UK government shifts policy on executive pay

Wednesday, 20 June 2012
UK government shifts policy on executive pay Following its industry consultation, ‘Executive Pay Consultation on Enhanced Shareholder Voting Rights’, the Department for Business Innovation and Skills (BIS) has decided on a three year binding vote on future executive remuneration policy, including pay and exit pay. http://www.ftseglobalmarkets.com/

Following its industry consultation, ‘Executive Pay Consultation on Enhanced Shareholder Voting Rights’, the Department for Business Innovation and Skills (BIS) has decided on a three year binding vote on future executive remuneration policy, including pay and exit pay.

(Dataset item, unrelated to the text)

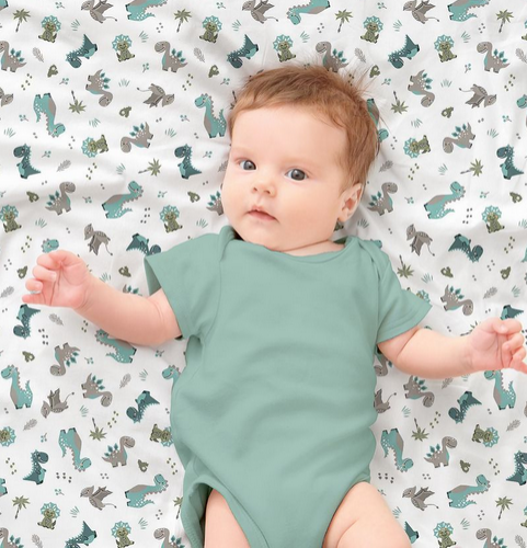 Ткань ситец 95 см Динозаврик (розовый фон)

The Department for Business Innovation and Skills (BIS) has decided on a three year binding vote on future executive remuneration policy, including pay and exit pay.By making the binding vote on the remuneration policy effective for three years,  the government hopes to encourage greater dialogue on executive remunertaion between companies and shareholders. It should also encourage companies to adopt a longer term and transparent approach to their executives' pay.

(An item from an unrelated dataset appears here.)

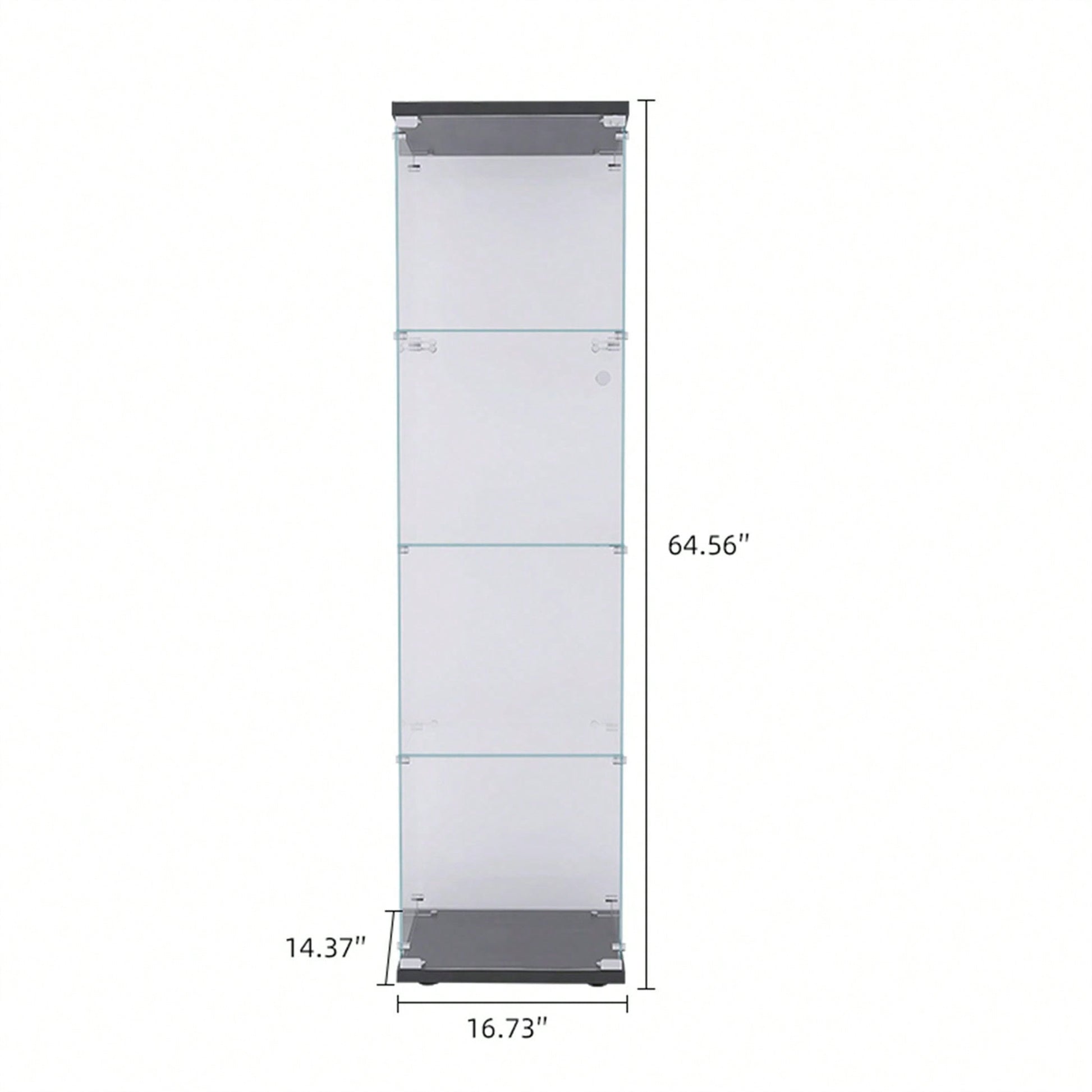 Shelves Glass Cabinet Glass Display Cabinet With One Door, Black

This package of reforms will address failures in corporate governance by empowering shareholders to engage effectively with companies on pay. It will:

  • Give shareholders binding votes on pay policy and exit payments, so they can hold companies to account and prevent rewards for failure
  • Boost transparency so that what people are paid is easily understood and the link between pay and performance is clearly drawn
  • Ensure that reform has a lasting impact by empowering business and investors to maintain recent activism.

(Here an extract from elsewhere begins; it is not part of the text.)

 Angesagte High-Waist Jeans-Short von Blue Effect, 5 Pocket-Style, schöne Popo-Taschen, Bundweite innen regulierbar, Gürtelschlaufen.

Business Secretary Vince Cable explains that: “At a time when the global economy remains fragile, it is neither sustainable nor justifiable to see directors’ pay rising at 10 per cent a year, while the performance of listed companies lags behind and many employees are having their pay cut or frozen.

“In January we kicked off a national debate aimed at encouraging shareholders to become more actively engaged as company owners in better aligning directors’ pay with performance. I have been greatly encouraged by the ‘shareholder spring’ and I want to see that momentum sustained. That is why I am bringing forward legislation to strengthen the powers of shareholders through a binding vote on pay,," he adds.

The government’s reforms will provide shareholders with new powers to hold companies to account, while making it easier to understand what directors are earning and how it links to company performance.

The current advisory vote gives shareholders a mechanism to register their dissatisfaction with a company’s remuneration report. “In practice, however, there has been too much reliance on investment managers to ensure consistent oversight of portfolio companies on corporate governance issues such as pay” says Aled Jones, senior consultant in Mercer’s Investments business. “Trustees need to adopt a more proactive stance by regularly monitoring their managers on how they raise strategic issues such as remuneration in their interactions with company directors. Ultimately this is about the effectiveness of board processes. Where these processes are not successful – such as when pay proposals are voted down; it is shareholders’ responsibility to understand what went wrong and take action.

The government will introduce the reforms through amendments to the Enterprise and Regulatory Reform Bill, which is currently before Parliament.

Revised, simplified regulations setting out how companies must report directors’ pay will be published at the same time. There will be a chance to comment on these regulations before they become law.

The government intends all these reforms to be enacted by October 2013.